Maple Hope Foundation
- Founded: 2014
- Founder: Members of the Ukrainian community in Vancouver
- Founded at: Ukraine and Ukrainian communities worldwide
- Type: Non-profit, Non-governmental organization
- Legal status: Registered non-profit organization
- Focus: Humanitarian aid, medical assistance, psychological support, education, cultural diplomacy, advocacy
- Headquarters: Vancouver, British Columbia, Canada
- Revenue: Over CA$40 million (as of November 2025)
- Website: www.maplehopefoundation.org

= Maple Hope Foundation =

Canadian non-governmental organization

Maple Hope Foundation is a Canadian non-governmental organization, registered in October 2015 in the province of British Columbia. The Foundation's activities focus on providing humanitarian, medical, psychological, and advocacy support to Ukraine and to Ukrainians affected by the Russo-Ukrainian War.

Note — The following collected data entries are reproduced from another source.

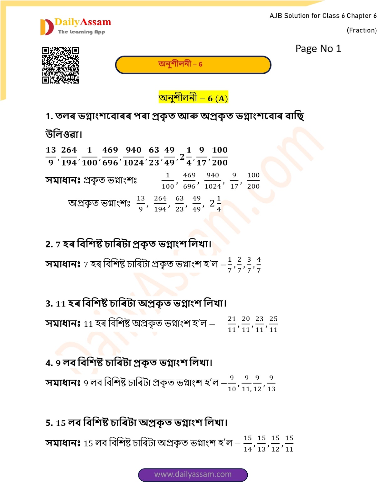 HomeClass 6 Mathematic (AJB) 193AJB Class 6 Mathematics Chapter 6 Solution | Assam Jatiya Bidyalay Class 6 Mathematics Chapter 6 ভগ্নাংশ (Fraction) Answer | 2025 - 2026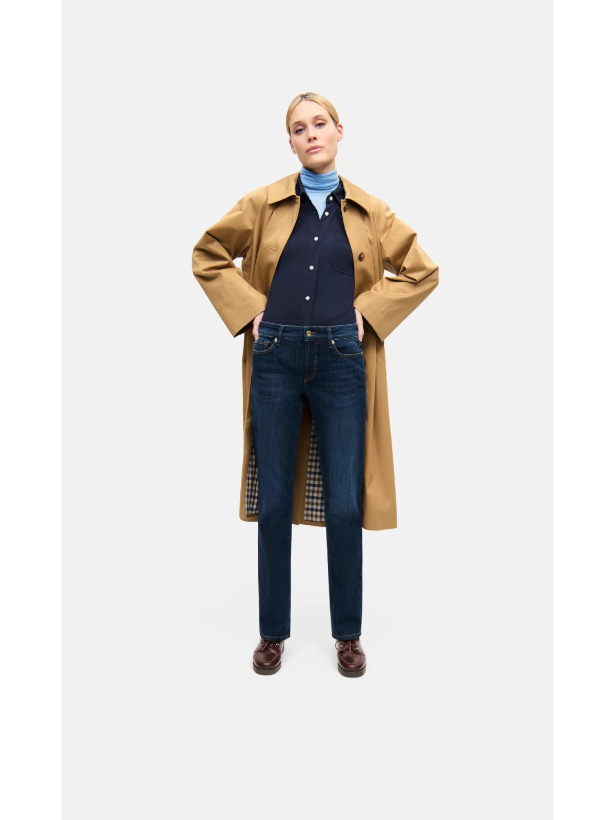 Smart jeans fra CAMBIO i fuld længde samt i 5 pocket design i en flot vask. Buksen har medium talje samt slank lårvidde.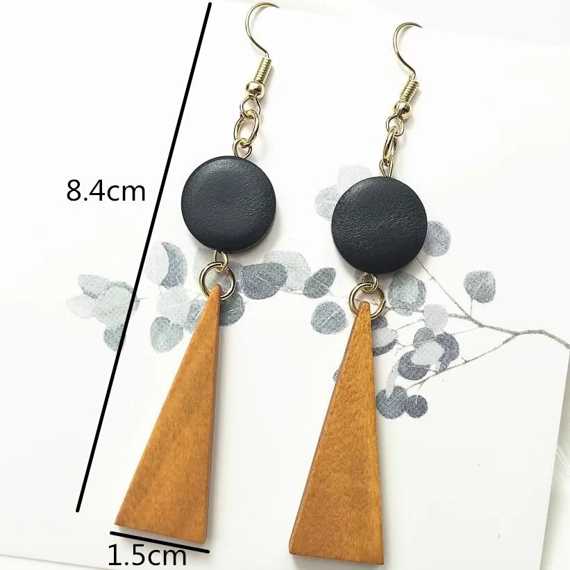 Новые деревянные круглые серьги для женщин, корейский, геометрической формы, треугольные серьги 2019, длинные серьги-подвески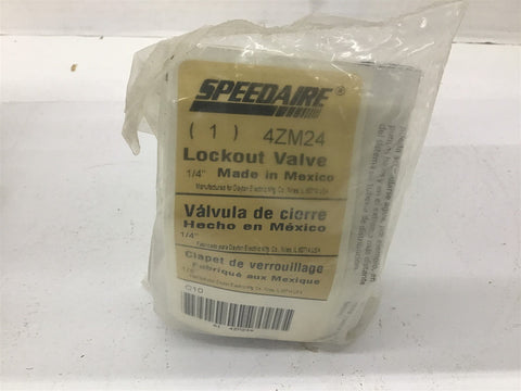 Speedaire 4ZM24 Lockout Valve 1/4" Return Policy Returns accepted within 30 days. Items sold as is cannot be returned, unless description is in error. Buyer pays return freight. Shipping Policy We ship almost all items with 1 business day of cleared payment. We ship USPS and UPS. We can ship on your account. If you will be shipping freight, please be sure to provide all delivery contact information including a phone number. We will need to know if you have a fork lift or dock.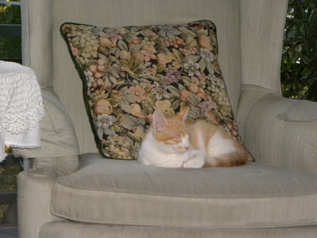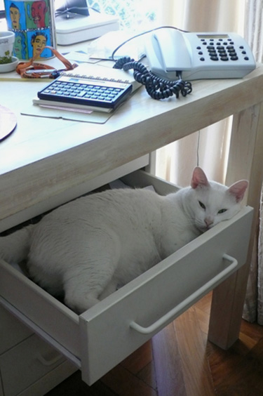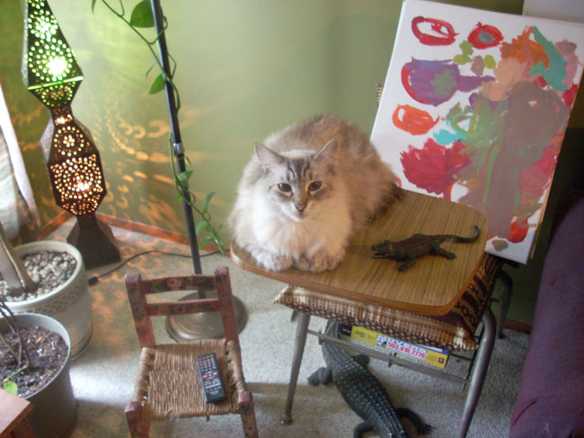 “I bought a school desk to replace my London Tier phone book table. It just didn’t “tie the room together” This is Yap-Yap, my Maine Coon/Siamese mix in her new napping place. So much for a phone sitting there.”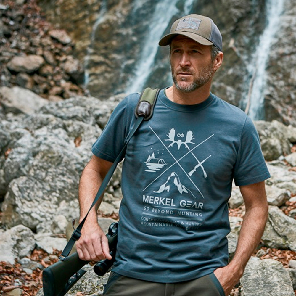 Tricou Merkel Gear Cross Hunting Tricou de bumbac de calitate premium cu imprimeu frontal. Logo subtil pe...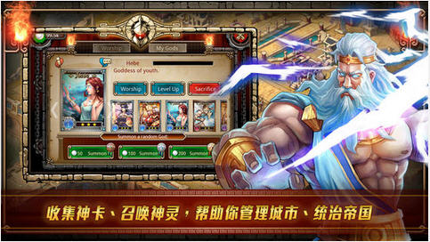 游戏还有1个特色那就是卡牌系统,玩家可以通过多种渠道来获得卡牌,例如战斗和完成任务等,卡牌其实也就是增加额外的能力,例如提高生产速度等,每张卡牌代表一位希腊神,相当有意思,除此之外,游戏还支持PXP模式,当人物达到15级后就可以进行PVP,15级之前只能相互抢夺资源,PVP开启后就可以进行军事方面的较量了,有了强大的内需,在对战其他玩家时也会更有底一些,游戏还有联盟的玩法,毕竟在利益面前没有永远的敌人,适当的结盟对自己也很有好处。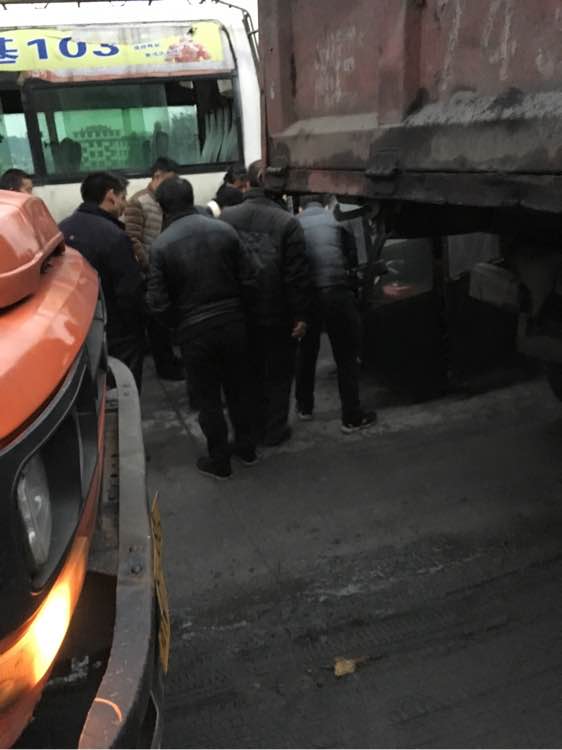 武冈龙溪镇龙云村附近一起交通事故,具体事故不明,因三轮车准备超客车没有超越,便夹在客车与货车之间,三轮车前轮和车头已经散架,三轮车驾驶员已送往医院,目前伤势不明。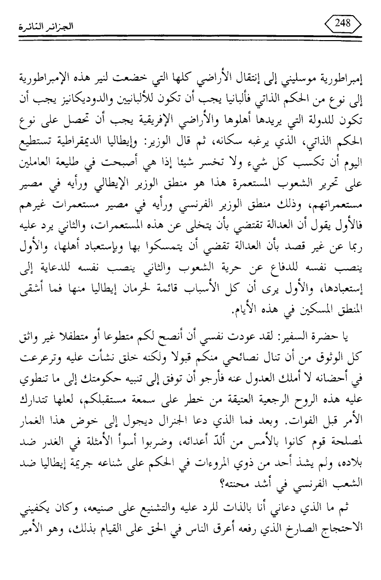 يا حضرة السفير: لقد عودت نفسي أن أنصح لكم متطوعا أو متطفلا غير واثق كل الوثوق من أن تنال نصائحي منكم قبولا ولكنه خلق نشأت عليه وترعرعت في أحضانه لا أملك العدول عنه فأرجو أن توفق إلى تنبيه حكومتك إلى ما تنطوي عليه هذه الروح الرجعية العتيقة من خطر على سمعة مستقبلكم، لعلها تتدارك الأمر قبل الفوات. وبعد فما الذي دعا الجنرال ديجول إلى خوض هذا الغمار لمصلحة قوم كانوا بالأمس من ألد أعدائه، وضربوا أسوأ الأمثلة في الغدر ضد بلاده، ولم يشذ أحد من ذوي المروءات في الحكم على شناعة جريمة إيطاليا ضد الشعب الفرنسي في أشد محنته؟

Founded by members of the Ukrainian-Canadian community in Vancouver, Maple Hope Foundation has become part of the global volunteer movement in support of Ukraine.

== History ==
The organization traces its origins to November 2013, when, during the Revolution of Dignity, members of the Ukrainian community in Vancouver united to organize rallies in support of Ukraine and to collect humanitarian aid. Civic activists, professionals from various fields as well as Ukrainian students in Canada, joined the initiative.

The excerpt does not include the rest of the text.